Anyway, is long tailing becoming a trend? I suspect yes. More information and more access to it refines the consumer's outlook and expectations - one size fits all suddenly seems passé. Long tailers like Google and Amazon are burgeoning in numbers and business volume. What got my neurons all fired up are the unique marketing challenges this presents. Traditionally, you would divvy up your markets into segments and address those segments individually. A 'mischievously' hypothetical segment could be baby boomers with, er, recreational ED. A lab accident provides the innovation and targeted marketing manifests itself as an ad showing a 'horney' middle-aged guy. I jest. In a long tail market where the baby boomers' aforementioned tastes are, shall we just say eclectic, when it comes to popping an aphrodisiac, you end up with as many segments as there are boomers. What does this bode for the marketer and the strategist? Not wanting to leave you on a titillating note, here, check out James Cherkoff's thought provoking article on Open Source Marketing.

2 Comments:

  • At 10:01 AM, Blogger PowerYogi said…

    talk about timing. i spent the better part of monday putting first touches to my Kaplan B-plan competition idea and I then I come across your post.

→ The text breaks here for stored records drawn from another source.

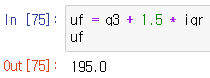 # 최고한계치(upper fence) 찾는 방법 uf = q3 + 1.5 * iqr uf |
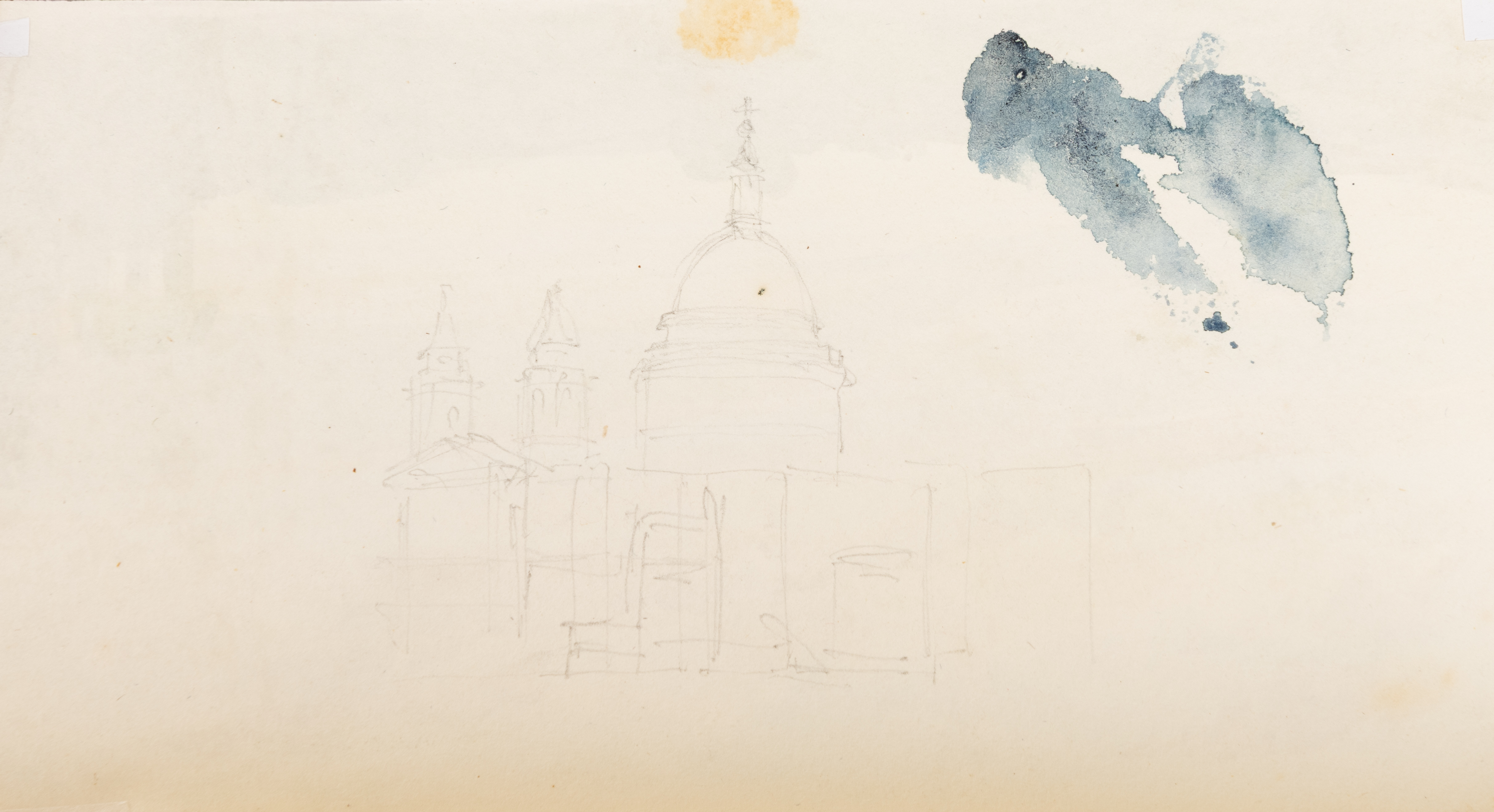 A sketch of a large church (St. Paul’s Cathedral, London?) in pencil on the verso.
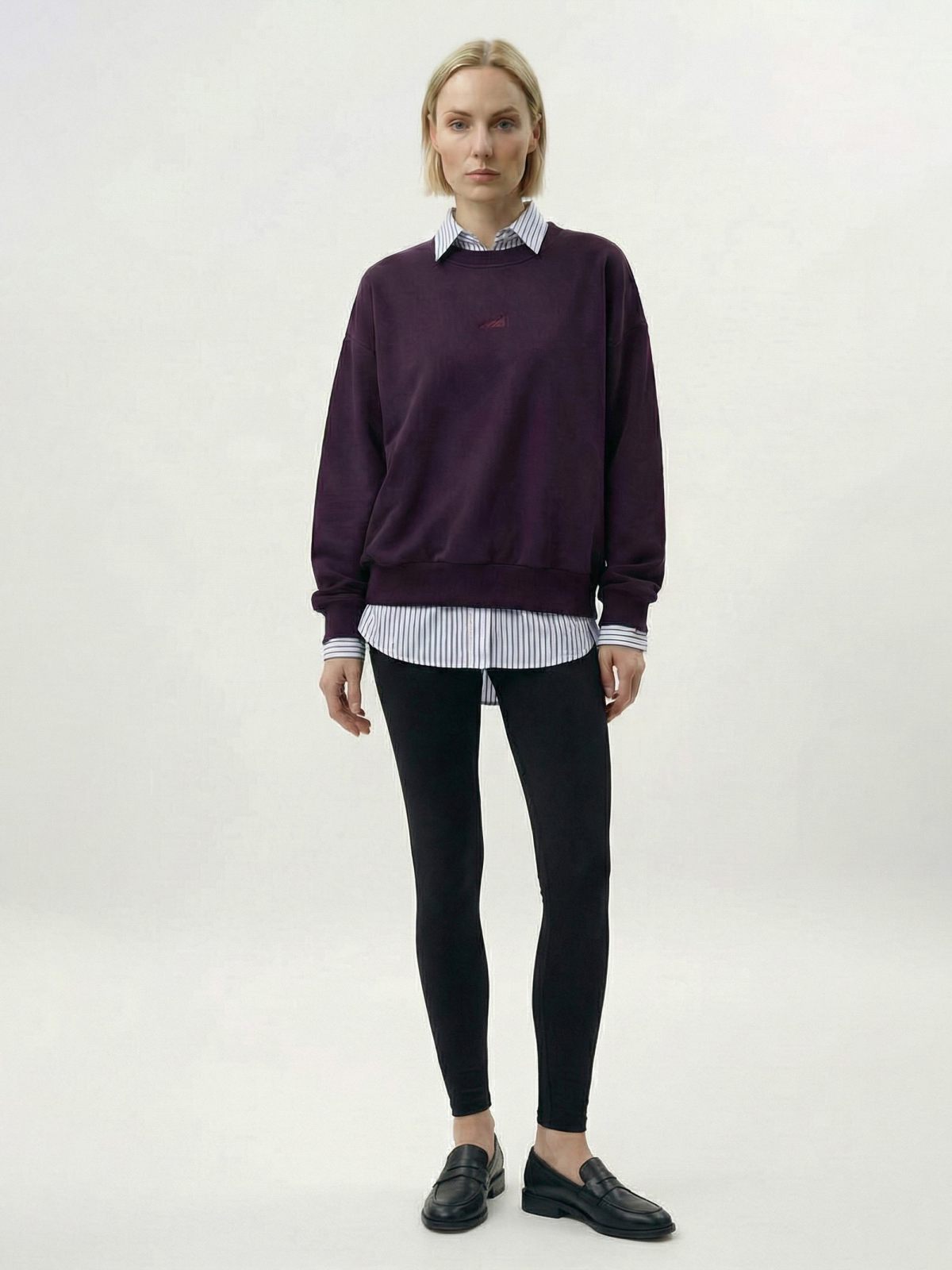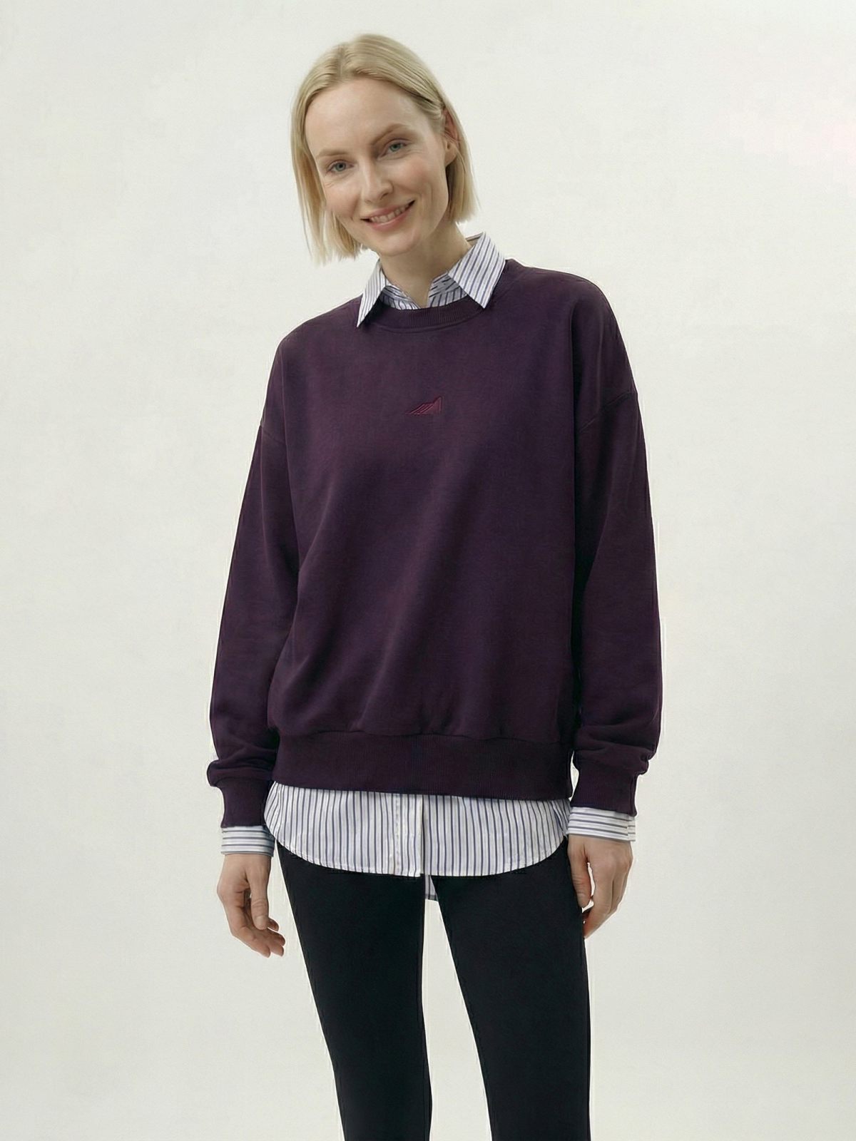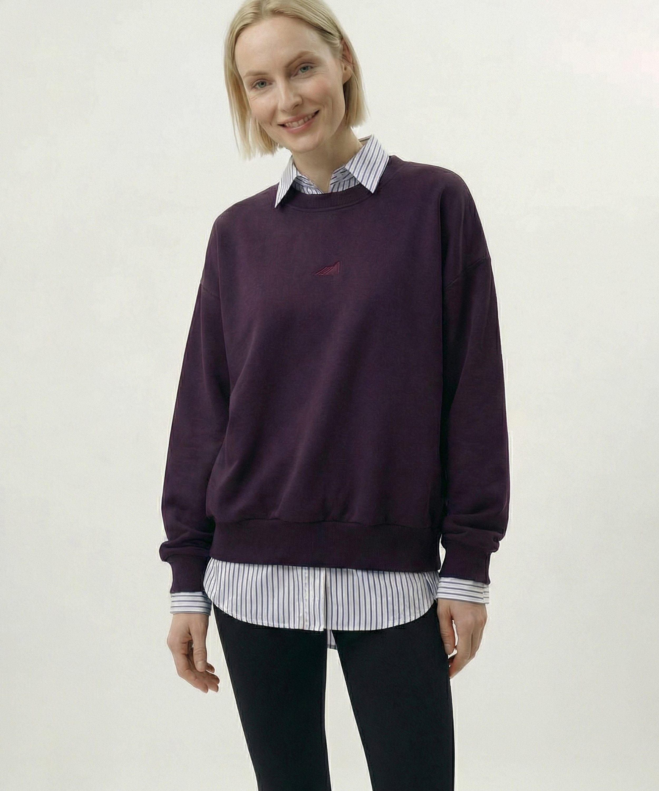 Женский свитшот свободного кроя выполнен из материала с эффектом peach, в состав которого входит 90% хлопка и 10% полиэстера, поэтому джемпер невероятно мягкий и приятный на ощупь. На груди расположена тональная вышивка с логотипом бренда. Насыщенный осенний цвет сливы подчеркивает ваш уникальный стиль.

    what fascinates me, lengths of tails notwithstanding, is the what-comes-first conundrum. Should, as someone exploring an idea, one try to fit into these theories; or are the theories a product of ideas gone places never been before? the former approach could limit the creativity required in said endeavors; while the latter increases the risk of failure.

    is there an obvious middle ground?

     
  • At 11:38 PM, Blogger sorebrek said…

    At the risk of pontificating, here're my views on it:
    I harbor the opinion that a startup of 5 people needs nothing more than a great idea backed by nimble and solid execution (grounded in old-fashioned economic principles). In fact, I will go to the extent to postulate that an MBA running a 5-person startup may actually be detrimental - feel free to blow-torch me on this one. I see a generational lifecycle for a company - a certain kind of mindset is called for to run a 5-people startup, another one for taking it from 5 to 50 employees and yet another one for taking it from 50 to 500. However, I think that the segmentation distribution (the tail check) is independent of this. It is really the nature of the beast that your idea is. Is it a mass-market product that no one thought about (e.g. sliced bread) or is it one that needs targeted treatment (e.g. custom-fit shoes)?
    Call me skeptical, but these days I think world-changing business ideas are few and far. I think a business idea can only be world changing if it has either direct or indirect economic potential for changing the way we do things - tail or no tail. I am curious about your middle of the road approach.